CNN T | 52-16 | 49-13 | 58-17 | 37-17 | 51-12 | 0-0 | 43-26 | 84-27 |

Wit | 48-29 | 52-33 | 52-28 | 42-39 | 55-33 | 26-43 | 0-0 | 81-41 |

LUIS | 55-76 | 52-73 | 62-78 | 40-77 | 58-76 | 27-84 | 41-81 | 0-0 |

**Table A3.**
Comparison of the models. In row A and column B—the probability (in percent) that model A is better than model B. Probabilities greater than $0.95$ (or smaller than $0.05$) are shown in bold.

| NN[n] W | NN[n] T | NN W | NN T | CNN W | CNN T | Wit | LUIS |
---|

NN[n] W | 50.00 | 50.00 | 76.46 | **3.02** | 63.80 | **0.00** | **1.54** | **96.64** |

NN[n] T | 50.00 | 50.00 | 71.93 | **0.23** | 62.67 | **0.00** | **1.99** | **96.95** |

NN W | 23.54 | 28.07 | 50.00 | **0.77** | 39.74 | **0.00** | **0.36** | 91.12 |

NN T | **96.98** | **99.77** | **99.23** | 50.00 | **98.01** | **0.32** | 37.03 | **99.97** |

CNN W | 36.20 | 37.33 | 60.26 | **1.99** | 50.00 | **0.00** | **0.96** | 93.95 |

CNN T | **100.00** | **100.00** | **100.00** | **99.68** | **100.00** | 50.00 | **97.93** | **100.00** |

Wit | **98.46** | **98.01** | **99.64** | 62.97 | **99.04** | **2.07** | 50.00 | **99.99** |

LUIS | **3.36** | **3.05** | 8.88 | **0.03** | 6.05 | **0.00** | **0.01** | 50.00 |

There are some limitations of applying this approach to our data. The limitations include the following:

When combining the results on all datasets, all test examples are treated equally. However, the test set for webapps is considerably smaller than the test sets for askubuntu and chatbot. Therefore this dataset is underrepresented in the test set, while the other two are overrepresented.

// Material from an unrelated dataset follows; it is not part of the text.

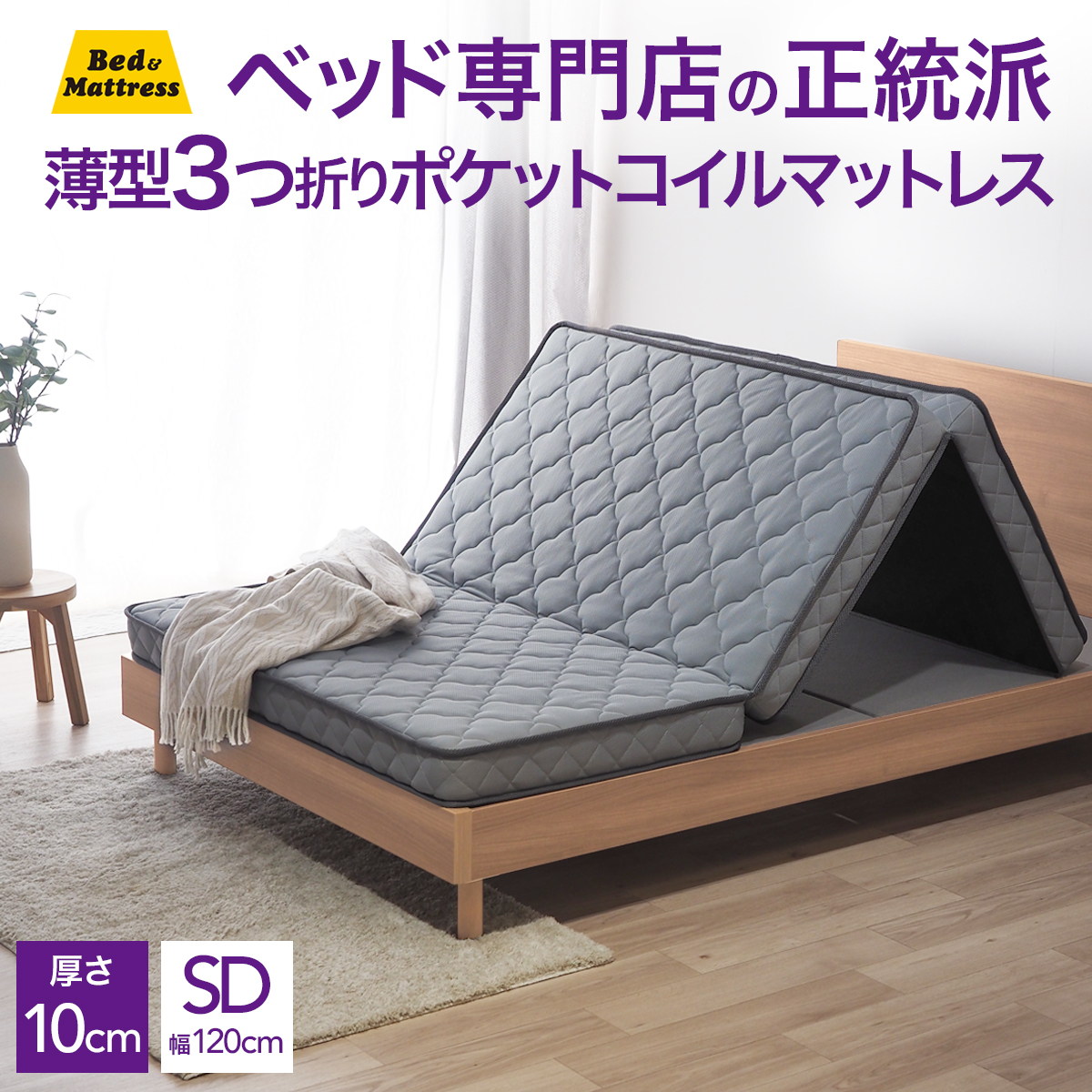 マットレス 3つ折り セミダブル 薄型 折りたたみ ポケットコイル ベッドマットSM103P3U 体圧分散 厚み10cm

This approach assumes that the test examples are independent of each other. However, this is not true, because, for different languages, the examples are translations of each other.

This approach works for comparing two systems. Increasing the number of different systems, increases the probability that some system will get better results simply by chance.

However, we still believe that this approach gives a reasonable estimate of the confidence that one system outperforms another.